= Beginning of Section =

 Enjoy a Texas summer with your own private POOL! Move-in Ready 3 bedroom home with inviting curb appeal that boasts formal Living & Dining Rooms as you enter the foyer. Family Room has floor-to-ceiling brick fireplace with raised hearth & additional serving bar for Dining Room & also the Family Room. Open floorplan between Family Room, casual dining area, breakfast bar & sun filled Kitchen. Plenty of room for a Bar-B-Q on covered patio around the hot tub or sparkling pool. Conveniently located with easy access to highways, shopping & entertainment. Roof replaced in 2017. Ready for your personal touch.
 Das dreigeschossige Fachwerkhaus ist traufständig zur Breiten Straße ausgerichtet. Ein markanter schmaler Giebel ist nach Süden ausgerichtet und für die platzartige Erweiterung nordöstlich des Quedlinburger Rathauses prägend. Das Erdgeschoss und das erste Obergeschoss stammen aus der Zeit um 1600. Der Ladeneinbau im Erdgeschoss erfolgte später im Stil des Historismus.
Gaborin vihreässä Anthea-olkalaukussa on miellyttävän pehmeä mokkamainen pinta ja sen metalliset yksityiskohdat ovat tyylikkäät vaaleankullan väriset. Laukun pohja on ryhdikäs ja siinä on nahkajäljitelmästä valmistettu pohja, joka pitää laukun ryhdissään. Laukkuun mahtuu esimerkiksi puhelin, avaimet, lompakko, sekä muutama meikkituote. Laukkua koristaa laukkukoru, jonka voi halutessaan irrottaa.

= End of Section =
= Beginning of Section =

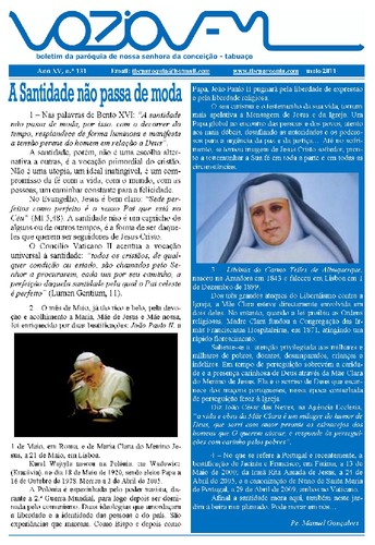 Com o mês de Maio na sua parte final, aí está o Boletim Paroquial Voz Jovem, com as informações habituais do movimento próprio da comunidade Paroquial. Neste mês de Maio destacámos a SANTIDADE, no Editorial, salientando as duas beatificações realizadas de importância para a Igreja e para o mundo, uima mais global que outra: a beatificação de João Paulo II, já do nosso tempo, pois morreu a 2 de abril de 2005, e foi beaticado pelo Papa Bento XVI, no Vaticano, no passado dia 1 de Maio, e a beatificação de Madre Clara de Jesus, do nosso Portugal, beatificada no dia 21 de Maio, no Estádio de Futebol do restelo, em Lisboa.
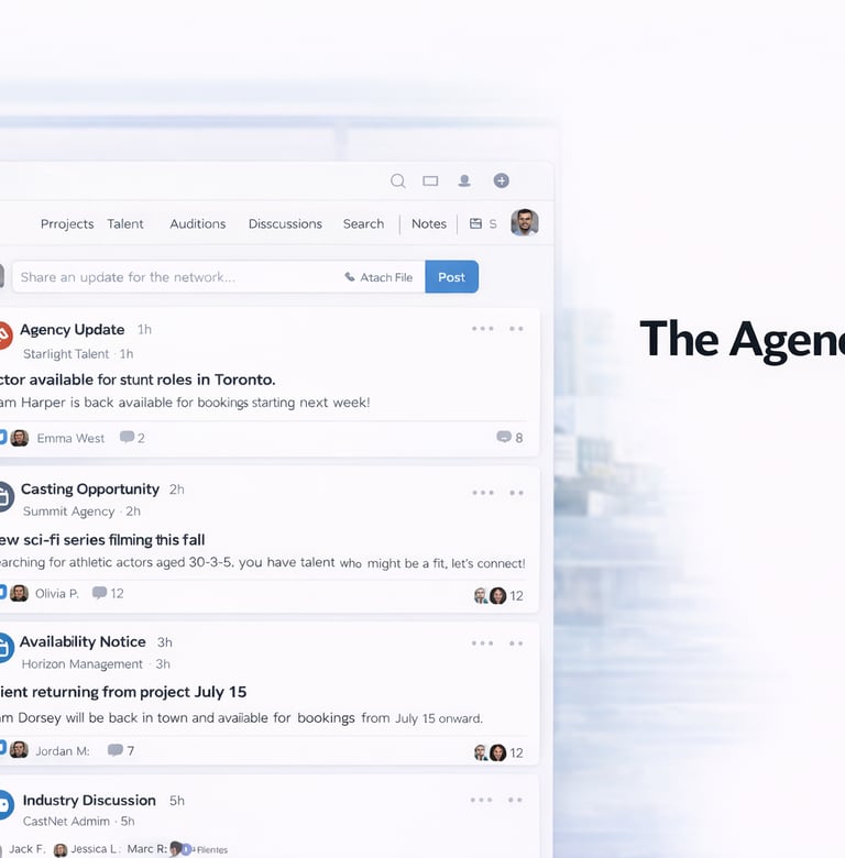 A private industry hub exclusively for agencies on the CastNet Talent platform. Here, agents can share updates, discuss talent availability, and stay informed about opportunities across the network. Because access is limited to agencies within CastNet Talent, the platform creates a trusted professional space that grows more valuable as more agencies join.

= End of Section =

(WORK TO BE COMPLETED):
Would you please copy, word for word, everything above from the line containing "Enjoy a Texas" down to the line containing "Gaborin vihreässä Anthea-olkalaukussa", those two lines included?

(OUTPUT BELOW):
 Enjoy a Texas summer with your own private POOL! Move-in Ready 3 bedroom home with inviting curb appeal that boasts formal Living & Dining Rooms as you enter the foyer. Family Room has floor-to-ceiling brick fireplace with raised hearth & additional serving bar for Dining Room & also the Family Room. Open floorplan between Family Room, casual dining area, breakfast bar & sun filled Kitchen. Plenty of room for a Bar-B-Q on covered patio around the hot tub or sparkling pool. Conveniently located with easy access to highways, shopping & entertainment. Roof replaced in 2017. Ready for your personal touch.
 Das dreigeschossige Fachwerkhaus ist traufständig zur Breiten Straße ausgerichtet. Ein markanter schmaler Giebel ist nach Süden ausgerichtet und für die platzartige Erweiterung nordöstlich des Quedlinburger Rathauses prägend. Das Erdgeschoss und das erste Obergeschoss stammen aus der Zeit um 1600. Der Ladeneinbau im Erdgeschoss erfolgte später im Stil des Historismus.
Gaborin vihreässä Anthea-olkalaukussa on miellyttävän pehmeä mokkamainen pinta ja sen metalliset yksityiskohdat ovat tyylikkäät vaaleankullan väriset. Laukun pohja on ryhdikäs ja siinä on nahkajäljitelmästä valmistettu pohja, joka pitää laukun ryhdissään. Laukkuun mahtuu esimerkiksi puhelin, avaimet, lompakko, sekä muutama meikkituote. Laukkua koristaa laukkukoru, jonka voi halutessaan irrottaa.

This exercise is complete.